Malam semakin larut dan angin yang berhembus terasa semakin dingin membuat tubuhku sedikit menggigil. Namun aku tak peduli. Pikiranku terlalu sibuk. Pesan terakhir dari Dini membuatku merenung. Kalimatnya sederhana, "Aku takut dia akan membenciku." Namun kalimat itu terasa seperti sebuah pengakuan daripada sekadar keluhan. Aku merasa seolah itu ditujukan padaku, tapi aku tahu itu hanya dugaanku saja.

Aku mengetik balasan dengan hati-hati, berusaha mencari kata-kata yang tepat.

"Kalau dia tahu alasanmu, mungkin dia akan mengerti. Jangan terlalu keras pada dirimu sendiri." tulisku.

Kali ini, Dini tidak langsung membalas. Aku memanfaatkan jeda itu untuk masuk ke dalam rumah menuju dapur untuk mengambil sebotol air dingin.

Saat aku membuka pintu kulkas dan mengambil sebotol air, ponselku bergetar. Pesan baru dari Dini muncul di layar.

=============== Ancaman Yang Bikin Tersenyum ===============

Aku menaruh botol air yang baru kuambil itu di atas kulkas, lalu membaca pesan Dini.

"Kadang aku berharap bisa memutar waktu. Seandainya aku lebih jujur sejak awal, mungkin semuanya tidak akan berakhir seperti ini."

Alisku berkerut setelah membaca pesan itu, dan aku pun membalasnya. "Dini, setiap orang punya penyesalan. Tapi itu bukan berarti segalanya sudah terlambat. Yang terpenting, kita belajar dari kesalahan dan berusaha menjadi lebih baik."

Setelah membalas pesan Dini, aku mengeluh dalam hati. Meski kata-kataku terlihat bijak, aku sendiri tidak bisa menghindar dari pertanyaan yang terus berputar di kepalaku. Apakah aku juga sedang membuat kesalahan yang sama? Apakah hubungan dengan Winda yang terasa semakin jauh ini adalah kesalahan yang sama, yang akhirnya akan membawaku ke jurang penyesalan?

Beberapa menit setelah aku mengirimkan balasan, ponselku kembali bergetar, pesan dari Dini muncul kembali di layar ponselku. Mataku langsung tertuju pada kata-kata yang tertera, dan tiba-tiba jantungku berdetak lebih cepat dari sebelumnya.

"Kadang aku berpikir, aku ingin bertemu denganmu," tulisnya.

Betapa terkejutnya aku membaca pesan itu. Ada semacam keanehan yang melingkupi kata-kata itu, seolah-olah ada yang lebih dari sekadar keinginan untuk berbicara. Aku merasakannya, meski hanya melalui tulisan.

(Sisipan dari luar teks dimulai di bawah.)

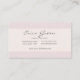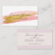 Cartão de visita de fundo branco simples com cor d'água de traçado manual, cor rosa e ouro, com letra elegante manuscrita. O verso contém informações pessoais em fontes elegantes e decorativas com fundo vermelho em retângulo transparente.

Aku terus menatap ponsel dan mencoba untuk merangkai kata-kata yang tepat, tapi tak ada yang keluar dari jari-jariku. Dini... kami baru saja saling berbagi cerita dan curahan hati, namun aku tak pernah membayangkan percakapan ini bisa berujung pada permintaan untuk bertemu.

Belum sempat aku membalas, Dini mengirimkanku pesan lagi.

"Maaf, aku tahu mungkin terasa aneh. Tapi aku merasa kita bisa saling mengerti lebih baik jika kita bertemu langsung," tulis Dini.

Mataku terpaku pada layar ponsel, membaca pesan itu berulang kali. Ada perasaan ganjil yang menjalari pikiranku, campuran antara penasaran dan takut. Sejak awal, aku tahu hubungan ini tidak lebih dari sekadar pelarian. Aku tidak seharusnya membiarkannya berkembang sejauh ini. Tapi, mengabaikan pesan Dini juga terasa salah.

Akhirnya aku pun mengetik dengan ragu, "Apa kamu yakin? Bukankah kita sudah cukup baik dengan seperti ini?"

Tidak lama setelah pesan itu terkirim, balasan dari Dini masuk. "Terkadang, mendengar suara atau bertatap muka langsung bisa mengungkapkan lebih banyak daripada sekadar kata-kata. Aku hanya ingin memastikan perasaan ini bukan hanya ilusi."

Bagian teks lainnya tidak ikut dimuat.